Пролистал сейчас дневник и поразился тому, что в нем так мало о

Леночке, любимой и единственной, умершей два месяца и три дня назад. Иногда она читала мой дневник и говорила: “Разве это дневник? А где же мы с тобой? Ведь, кроме нас с тобой, тебя ничего не интересует. А-а, ты, наверное, пишешь не для себя, а для других ”. Вообще-то я собирался вдруг сесть и написать для нее пьесу, все придумывал и, сколько хорошего ни придумал, не придумал главного – о чем?

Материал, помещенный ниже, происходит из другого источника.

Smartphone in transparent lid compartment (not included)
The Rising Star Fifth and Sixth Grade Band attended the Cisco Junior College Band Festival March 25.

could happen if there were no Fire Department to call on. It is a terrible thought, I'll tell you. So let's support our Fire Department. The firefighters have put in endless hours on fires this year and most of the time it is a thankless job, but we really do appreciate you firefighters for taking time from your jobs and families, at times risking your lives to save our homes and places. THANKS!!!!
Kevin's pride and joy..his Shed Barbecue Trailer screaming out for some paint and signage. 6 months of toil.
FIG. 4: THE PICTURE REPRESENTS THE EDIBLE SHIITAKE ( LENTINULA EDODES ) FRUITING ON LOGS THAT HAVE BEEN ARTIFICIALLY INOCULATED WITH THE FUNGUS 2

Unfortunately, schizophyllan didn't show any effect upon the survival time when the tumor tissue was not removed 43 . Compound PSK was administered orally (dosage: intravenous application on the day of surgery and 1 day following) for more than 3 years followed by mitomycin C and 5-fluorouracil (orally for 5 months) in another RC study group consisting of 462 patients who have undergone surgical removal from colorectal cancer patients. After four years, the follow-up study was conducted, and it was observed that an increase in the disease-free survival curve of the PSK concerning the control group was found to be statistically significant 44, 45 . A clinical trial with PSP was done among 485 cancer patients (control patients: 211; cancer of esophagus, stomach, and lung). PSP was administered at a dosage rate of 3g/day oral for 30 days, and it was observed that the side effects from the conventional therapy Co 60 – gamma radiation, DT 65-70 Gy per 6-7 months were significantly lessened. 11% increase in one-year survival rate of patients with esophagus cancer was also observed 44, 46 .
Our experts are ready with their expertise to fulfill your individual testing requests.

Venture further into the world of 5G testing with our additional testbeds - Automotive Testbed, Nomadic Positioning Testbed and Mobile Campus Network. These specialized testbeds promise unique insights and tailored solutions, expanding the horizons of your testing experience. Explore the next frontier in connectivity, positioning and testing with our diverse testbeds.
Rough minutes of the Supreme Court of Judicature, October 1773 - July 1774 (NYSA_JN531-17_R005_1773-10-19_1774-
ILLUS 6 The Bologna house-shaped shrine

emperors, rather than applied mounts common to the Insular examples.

Теперь я точно знаю, что пьесу для

Леночки не напишу, хотя знаю – о чем, но… И вот тут-то я замолчу, потому что, как сказала одна девочка, “ счастье не знает, что оно счастье, а вот горе знает, что оно горе ”. Я хотел бы, чтобы Леночка сидела рядом, а я писал свою галиматью.

Отныне это невозможно ”.

В журнале публикуется в несколько сокращенном виде дневник

Шерстюка последнего года жизни. Упоминаемые в нем лица входили в ближний круг художника – это члены семьи, друзья-художники, люди театра и кино, литераторы. Харак-тер текста, на мой взгляд, не требует комментариев.

Игорь КЛЕХ

ДНЕВНИК ПОСЛЕДНЕГО ГОДА

1997 год

9 апреля

Если постоянно из-за – нет, за любимого человека испытываешь страх, то интуиции больше никогда не будет. В страхе сгорит, и ветер страх раздует.

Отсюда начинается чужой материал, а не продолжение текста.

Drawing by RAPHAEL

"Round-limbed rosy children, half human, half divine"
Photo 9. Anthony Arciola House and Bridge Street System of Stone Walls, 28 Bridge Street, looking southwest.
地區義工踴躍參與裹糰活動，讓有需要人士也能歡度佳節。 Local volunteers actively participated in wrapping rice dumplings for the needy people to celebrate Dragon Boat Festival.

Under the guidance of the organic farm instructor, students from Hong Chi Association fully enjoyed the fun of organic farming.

Не сдал сегодня вождение: заглох мотор. Такого со мной никогда не было. Или уже пора? Пишу с ошибками. Ошибки – слабость. Я всегда делаю ошибки, когда слаб. Вполне возможно, что слаб давно, только механически полагал, что не слаб. А ведь давно уже, наверное, представляю из себя потерянного героя. У нас был герой, да мы потеряли, ау! Да и хрен с ним. Где же Лена? Почему не дал ей вчера пейджер? Она не звонит. Господи, не изменяет ведь, а больно. Эта ‹N.› со своим кино чумовым – чума. Я ведь почувствовал, что в это дерьмо Лене нельзя, но нет, говорю, давай… Лишь бы снималась, думал. Лишь бы. Вот где мохнатый.

Скучно? Разумеется, постыло? Хрен вам. Скучен страх, а постылое

– энергия и сила, ежедневная и созидательная. “Уйди, постылый!

” – сказала умирающая новорожденному. Главное – сделать из гения обывателя и тут же заклеймить гениев за презрение к обывателям.

Маневры на уровне 15-го аркана Таро. Почему дерьмо (зло – по-старорежимному) так успешно именно в 15-м аркане? Если бы я вдруг жил до Христа, я бы застрелился. Во-первых, я бы эти арканы придумал, во-вторых, всех орлов сделал бы рабами, в-третьих, гнал бы водку из египетских пирамид – и результат: до

Христа бы никто не дожил.

Не собираюсь поколебать никаких своих устоев. Никто так не страдал, как Он, поскольку самый большой герой, даже если в нем

Дух Святой, все же человек, а не Бог. И даже если Бог его просто ласкает и омывает слезами в миг страданий, и даже если от страданий Бога рвутся вселенные, и даже если он это знает, и даже чует сердцем, и все и все… – он страдает меньше, чем Бог, и больше, чем человек. Но не поровну, как Христос.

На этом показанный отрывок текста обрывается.